[CD Grammar Doubt]

[Mayur Mahrotri]

What's the difference between LR(1) grammar and SLR(1) grammar ?

--
With Regards,
Mayur.

[harshjpathak]

when we say LR(1) grammar  it deliberately means CLR(1) grammar

[venkat rao]

HI mayur,
LR(1) means CLR(1)

[Mayur Mahrotri]

Thanks Sir,

 

Also, i wanted to know, the method to recognise, LR(0) and SLR(1) grammars.

 

Can you also, explain me this :

Someone told me that CLR is the highest class of grammars which can parse any grammar including ambiguous grammars.

 

Is this true ?

 

--
With Regards,
Mayur.

[Varun Shinde]

yes u r true!...the heirarchy of grammars are... highest to lowest..
CLR(1)=LR(1)
LALR(1)
SLR(1)=LR(0)
LL(1)

On Feb 7, 8:54 pm, Mayur Mahrotri <mayurmahro...@gmail.com> wrote:
> Thanks Sir,
>
> Also, i wanted to know, the method to recognise, LR(0) and SLR(1) grammars.
>
> Can you also, explain me this :
> Someone told me that CLR is the highest class of grammars which can parse
> any grammar including ambiguous grammars.
>
> Is this true ?
>

> On 2/5/10, venkat rao <toc.ven...@gmail.com> wrote:
>
>
>
> > HI mayur,
> > LR(1) means CLR(1)
>

[shripad sarade]

CLR(1) LALR(1) SLR(1) LR(0) LL(1)
They do not include Ambiguous grammar.

[Mayur Mahrotri]

LR(0) is not equal SLR(1), for that i am sure.

--
With Regards,
Mayur.

[Varun Shinde]

there in my post i mean to say is that....LR(0) items are required
for SLR(1) grammar...it does not mean that they are equal......
similarly LR(1) items are required for CLR(1) grammar.....
even if a grammar is not LR(0)..it can be SLR(1)......

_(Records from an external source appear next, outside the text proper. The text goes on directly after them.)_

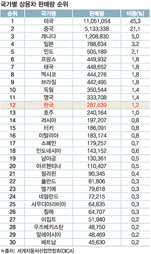 동북아 3국…세계 상용차 판매량의 1/4 담당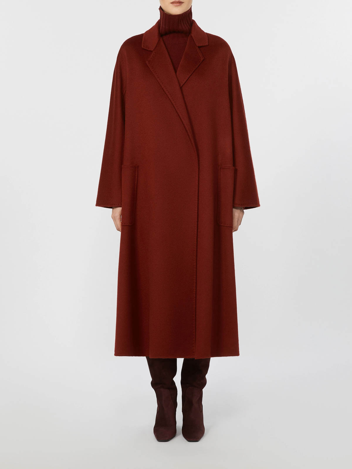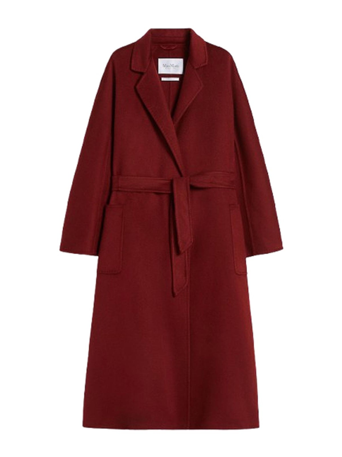 Made of double sable cashmere drap, hand-sewn finished with a tailored tack lapel collar kimono sleeves at the front, raglan at the back patch pockets matching belt length 120 cm / 4.7 inches raspberry color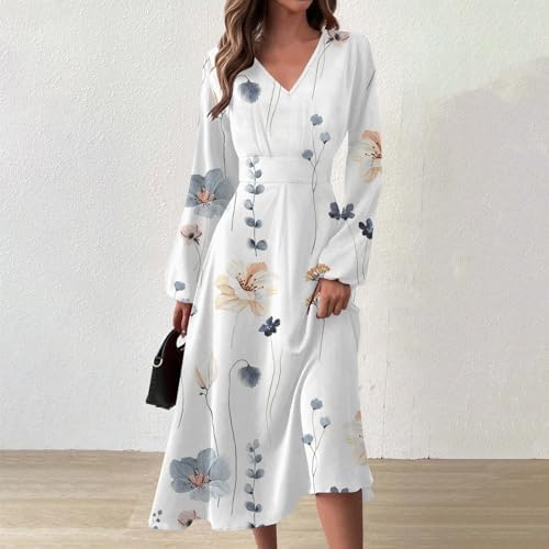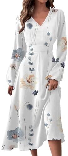 Women Fall Dresses 2024 Long Sleeve V Neck Solid Color Maxi Dress Boho Long Dress High Waisted A-Line Flowy Dress
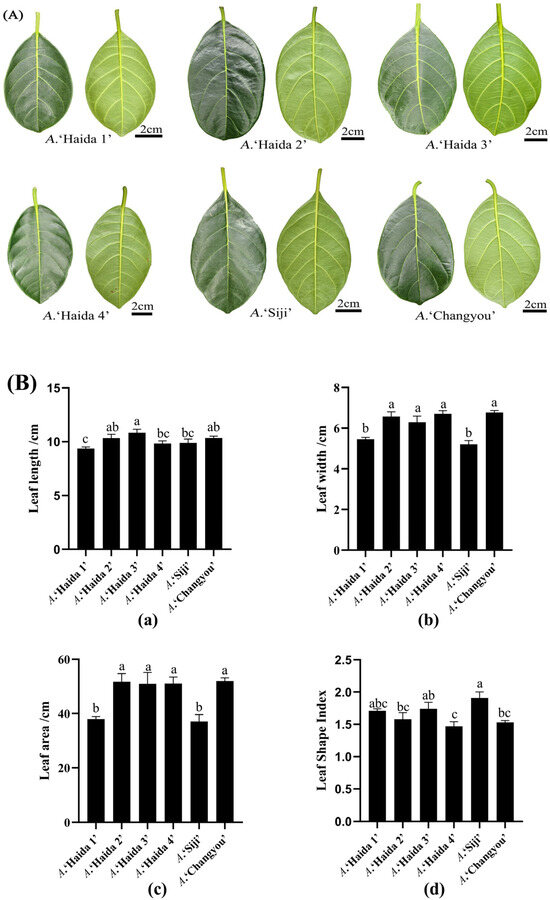 Leaf width, leaf length, leaf area, and leaf shape index were measured for the leaves of six cultivars of jackfruit, and the results showed that there were significant differences in leaf size and morphological characteristics among the six cultivars of jackfruit (Figure 1). Among them, A. ‘Haida 3’ had the longest leaf blade and A. ‘Haida 1’ had the shortest leaf blade; A. ‘Haida 1’ and A. ‘Siji’ had significantly smaller leaf widths and leaf areas than the other jackfruit cultivars; and A. ‘Siji’ had a significantly higher leaf shape index than that of A. ‘Haida 2’, A. ‘Haida 4’, and A. ‘Changyou’.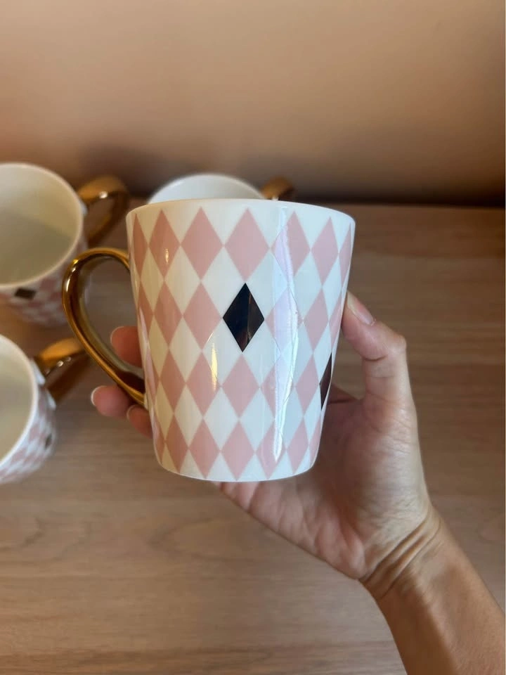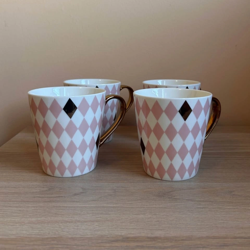 Four beautiful mugs which add a touch of class and elegance to your home. These are the Maxwell & Williams Aurora Diamond Mug with a gold handle and a pink harlequin/argyle pattern.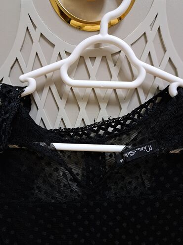 Qara zərif don – ESPENICA, ölçü L - Model: düz kəsim, dizə yaxın uzunluq - Yuxarı hissə və qollar: çiynə qədər incə güpür/topdan krujeva, çiçək naxışlı - Qol: 3/4 uzunluqda, aşağısı volanlı, kruje...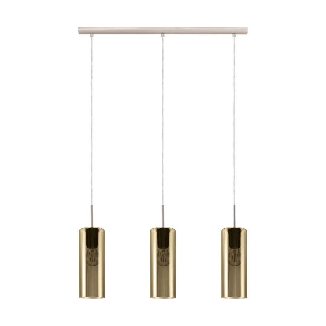 Een mooie hanglamp uit de hanglampen collectie van Eglo. De lamp heeft een simplistische uitstraling, gemaakt van staal in een nikkel-matte kleur met gestoomd glas in een goudkleur. De lamp wordt exclusief lichtbron geleverd en heeft E27 fittingen geschikt voor max. 3x 15W. Deze lamp staat goed in de eetkamer, bijvoorbeeld boven een mooie rechthoekige eettafel.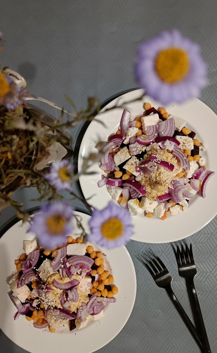 Свёклу, сыр и лук следует нарезать, а затем аккуратно выложить в глубокую тарелку. Сверху посыпьте нутом и кунжутом, заправьте оливковым маслом, а затем добавьте соль и перец по вкусу. Этот простой процесс подарит вам не только сытное, но и невероятно яркое блюдо.
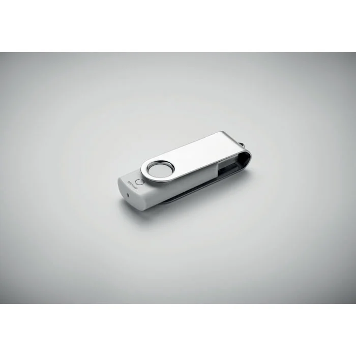 Clé USB 2.0 de 16 Go avec corps en ABS recyclé en finition blanche. Tournez le couvercle en métal rotatif et connectez-le au port USB pour commencer à l’utiliser.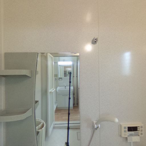 追い焚き/給湯リモコンの存在(確度79%):浴室内の壁に給湯リモコンが見える。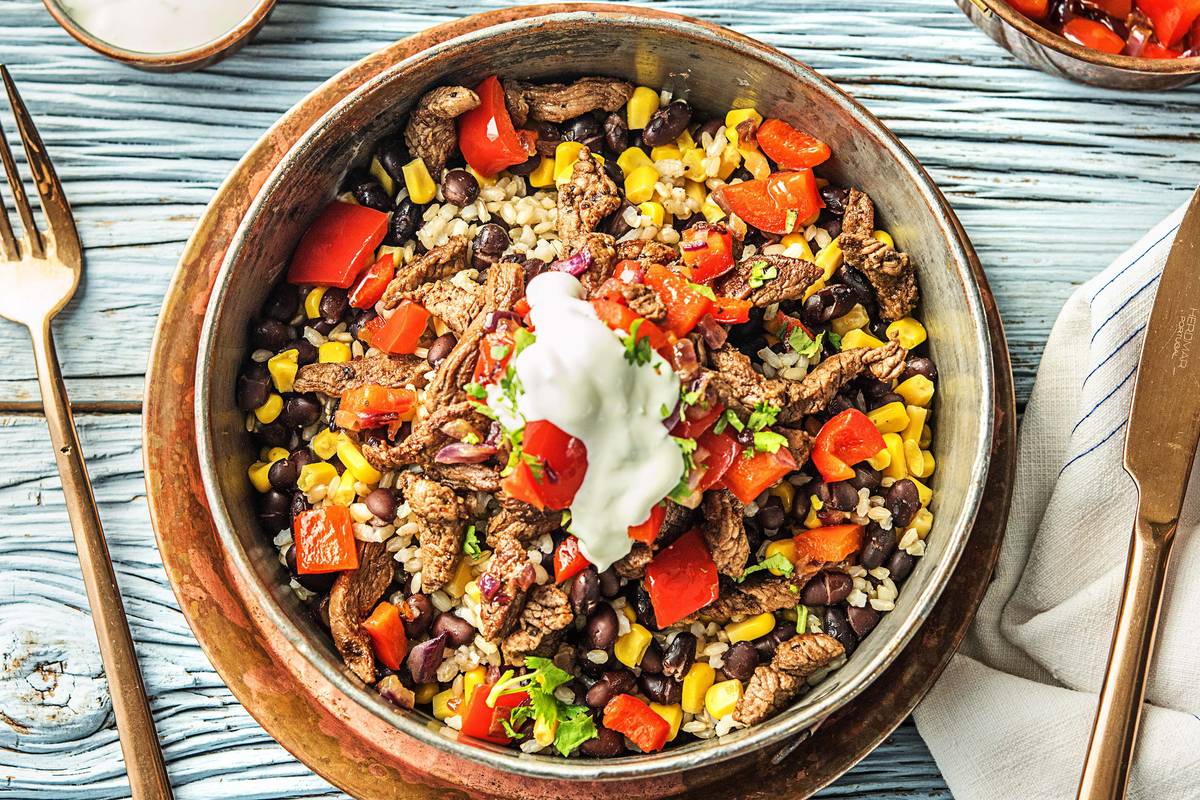 A deconstructed burrito? What fun! Delicious seared beef teams up with hearty brown rice and beans, sweet red pepper salsa and citrusy lime crema.

On Feb 8, 11:06 pm, Mayur Mahrotri <mayurmahro...@gmail.com> wrote:
> LR(0) is not equal SLR(1), for that i am sure.
>

> On Sun, Feb 7, 2010 at 11:21 AM, shripad sarade <shripad.sar...@gmail.com>wrote:
>
>
>
>
>
>
>
> > CLR(1) LALR(1) SLR(1) LR(0) LL(1)
> > They do not include Ambiguous grammar.
>

[Mayur Mahrotri]

How do you check then, whether the grammar is LR(0) and SLR(1). ? I constructed all the LR(0) items, then ?

--
With Regards,
Mayur.

[Varun Shinde]

When u find all the LR(0) items,..i.e in the goto graph u have to chk
do u have any inadequate state,..if that inadequate state lead to a S-
R or R-R conflict then it is not LR(0) and also not SLR(1)..but
sometimes we have inadequate state but it do not lead to any of the
conflict after drawing the ACTION table....in that cas it is not
LR(0)..but it can be SLR(1)..this type of question is solved in our
notebook..chk that out....
that's SIR told that always in this type of question after chking for
LL1 , u should go for CLR(1) first then SLR(1)....
i hope it will help u!!!

On Feb 9, 2:36 pm, Mayur Mahrotri <mayurmahro...@gmail.com> wrote:
> How do you check then, whether the grammar is LR(0) and SLR(1). ? I
> constructed all the LR(0) items, then ?
>

[Mayur Mahrotri]

Yeah, i know this method, but was doubtful about it. Thats why i asked.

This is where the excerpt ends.